First, I run WPSV3 with the GFS input, excluding running of metgrid.exe (i.e., just run geogrid.exe & ungrib.exe; Vtable.GFS; GFS input):
&ungrib
out_format = 'WPS',
prefix = 'GFS',
/
in directory ~/WPSV3_GFS1dm/, for example. The following are produced, for example:
GFS:2005-07-08_00
GFS:2005-07-08_03
GFS:2005-07-08_06
Second, I run WPSV3 again (this time, geogrid.exe, ungrib.exe, AND metgrid.exe; Vtable.GFDL; GFDL input), in a separate directory, with fg_name specified to have metgrid.exe process the GFS input first (path directed to previous WPSV3 run GFS:* output from ungrib.exe) and the GFDL input second:
&ungrib
out_format = 'WPS',
prefix = 'GFDL',
/
&metgrid
fg_name = '~/WPSV3_GFS1dm/GFS', 'GFDL'
io_form_metgrid = 2,
/
RESULTS:
For SMALL DOMAIN SIZES, such as 100x79, metgrid.exe SUCCEEDS in producing, for example,
met_em.d01.2005-07-08_00:00:00.nc.
met_em.d01.2005-07-08_03:00:00.nc.
met_em.d01.2005-07-08_06:00:00.nc.
HOWEVER, when I simply try LARGER DOMAIN SIZES, such as 340x340, metgrid.exe FAILS after processing all of the GFS fields for the initial time, while "Processing SKINTEMP at level 200100.000000" from the GFDL input:
Processing domain 1 of 1
Processing 2005-07-08_00
~/WPSV3_GFS1dm/GFS
GFDL
forrtl: severe (174): SIGSEGV, segmentation fault occurred
Image PC Routine Line Source
metgrid.exe 400000000005DDD0 interp_module_mp_ 377 interp_module.f90
metgrid.exe 4000000000054B30 interp_module_mp_ 193 interp_module.f90
metgrid.exe 4000000000085AC0 interp_module_mp_ 751 interp_module.f90
metgrid.exe 40000000000556B0 interp_module_mp_ 203 interp_module.f90
metgrid.exe 4000000000077600 interp_module_mp_ 585 interp_module.f90
metgrid.exe 40000000000539F0 interp_module_mp_ 178 interp_module.f90
metgrid.exe 400000000008D070 interp_module_mp_ 821 interp_module.f90
metgrid.exe 4000000000052E70 interp_module_mp_ 168 interp_module.f90
metgrid.exe 400000000009C7F0 interp_module_mp_ 942 interp_module.f90
metgrid.exe 4000000000054570 interp_module_mp_ 188 interp_module.f90
metgrid.exe 400000000025AF70 process_domain_mo 1619 process_domain_module.f90
metgrid.exe 400000000024BA20 process_domain_mo 1518 process_domain_module.f90
metgrid.exe 4000000000212FC0 process_domain_mo 883 process_domain_module.f90
metgrid.exe 40000000001D69D0 process_domain_mo 137 process_domain_module.f90
metgrid.exe 400000000002BC00 MAIN__ 66 metgrid.f90
metgrid.exe 4000000000003E90 Unknown Unknown Unknown
libc.so.6.1 2000000000138060 Unknown Unknown Unknown
metgrid.exe 40000000000038C0 Unknown Unknown Unknown
The first error listed, corresponding to line 377 of interp_module.f90, is inside routine search_extrap:
if (array(qdata%x,qdata%y,izz) /= msgval .and. mask_array(qdata%x,qdata%y) /= maskval) then
The second error listed, corresponding to line 193, is the call to search_extrap:
interp_sequence = search_extrap(xx, yy, izz, array, start_x, end_x, &...
CHECK:
I compiled with -check all, which should have caught an out-of-bounds error for array() or mask_array().

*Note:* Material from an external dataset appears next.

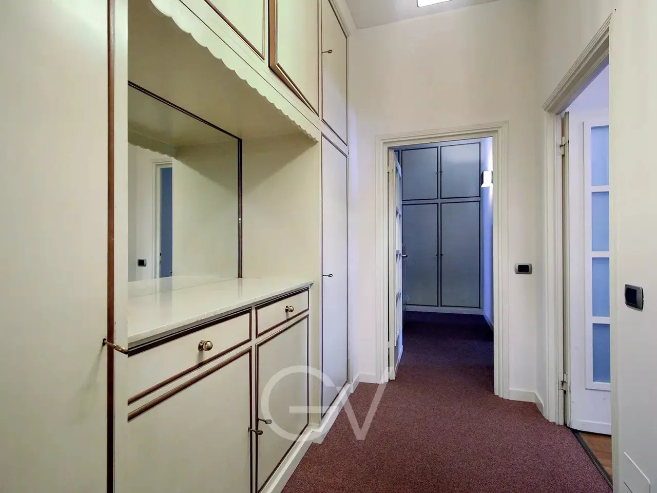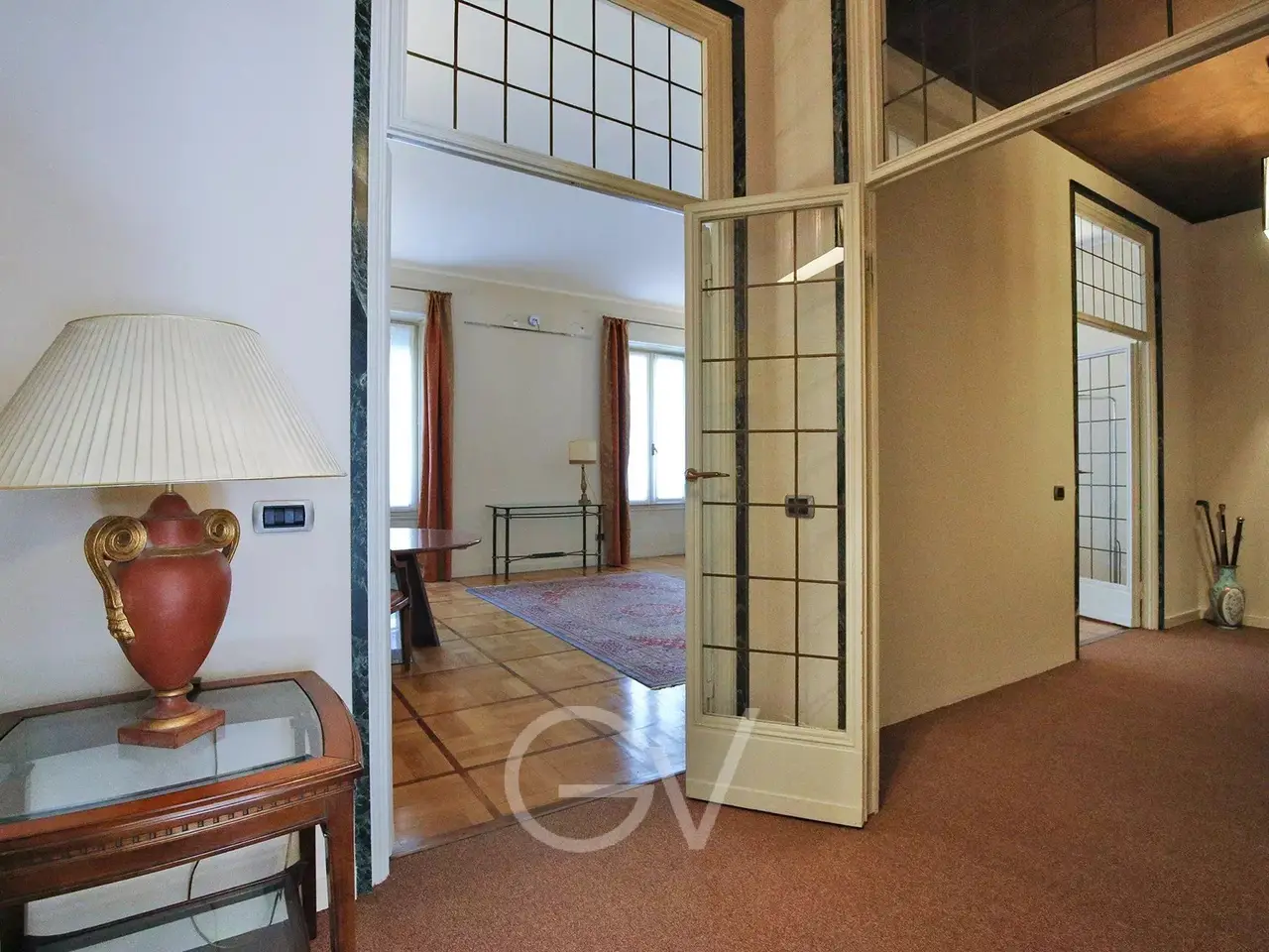gv1364 - Via Visconti di Modrone - Timeless elegance in the heart of Milan. An elegant 166sqm dwelling in great state of maintenance develops itself on the second floor of a period 1960’s / 1970’s building with a pleasant condominium garden. The apartment, characterized by a double overlook and an harmonious distribution of the spaces, opens onto a large anteroom with a vestière for the coats, from which take shape a central hallway equipped with comfortable built-in wardrobes that disengages all the spaces. The double living room, bright and charming, is embellished with parquet floors and represents the heart of the dwelling. On the other side, the service area is composed of a spacious habitable kitchen with a balcony overlooking the internal courtyard with a service entrance, a small laundry room, an ironing room/wardrobe and a bathroom complete with shower. The well separated night area welcomes two large bedrooms, one of which with a balcony and a windowed bathroom with tub. The apartment, completely whitewashed, has double glazings, a newly overhauled air conditioning system in four rooms and can be sold partially furnished with design furnitures and fine period furnishing of the late nineteenth century with a separate negotiation. To complete a large cellar. The building has all day concierge service, double lifts to the floor and centralized heating. The location is particularly convenient thanks to the presence of four car silos and two supermarkets. The neighbourhood is exclusive and perfectly linked: a few steps from San Babila Square, from the gardens of Porta Venezia and the subway MM1. The recent opening of the new subway MM4 – San Babila stop – allows a rapid link to Linate Airport. The ATM surface lines 94, 85 and 61 pass right under the house, ensuring widespread mobility throughout the city. Class: Ape F – 191,45. € 1.600.000 - € 8.000,00 annual condo expenses. The choice of this property contributes to support the mission of Theodora onlus. Photos, texts, floor plans, etc., are purely for illustrative purposes and do not constitute documents with contractual value and presupposition. Giorgio Viganò Real Estate - 027636151 - www.giorgiovigano.com

I'm certain the seg fault has no dependence on the input processing time, for I've encountered the same seg fault using various input times. In addition, the specified domains (e.g., 340x340) never exceed the boundaries of either the GFS or GFDL input.
The fact that processing of smaller domains works demonstrates that my process of running WPSV3 with the multiple GFS/GFDL input sources is correct, but there is obviously some limitation on total grid point number with the compilation, code.
EXPLORATION:
I tried running WPSV3 with more processors, using ‘unlimit’ before running metgrid.exe, and changing optimization, but I witnessed the seg fault regardless.
In addition to 100x79, metgrid.exe SUCCEEDED for domain sizes 202x160 and 250x220, but it FAILED (with the above seg fault) for LARGER domains. I performed two tests: 1) increasing just the x dimension (250) to that which I desired (340) 2) increasing just the y dimension (220) to that which I desired (340). I had hoped that these tests would show if there was a region of the GFDL input to either the East or North not willing to work with the 9-km domain increased beyond 250x220, or if simply exceeding an upper limit to the total number of grid points composing the domain caused the seg fault. Both 1) and 2) failed, thus suggesting the latter.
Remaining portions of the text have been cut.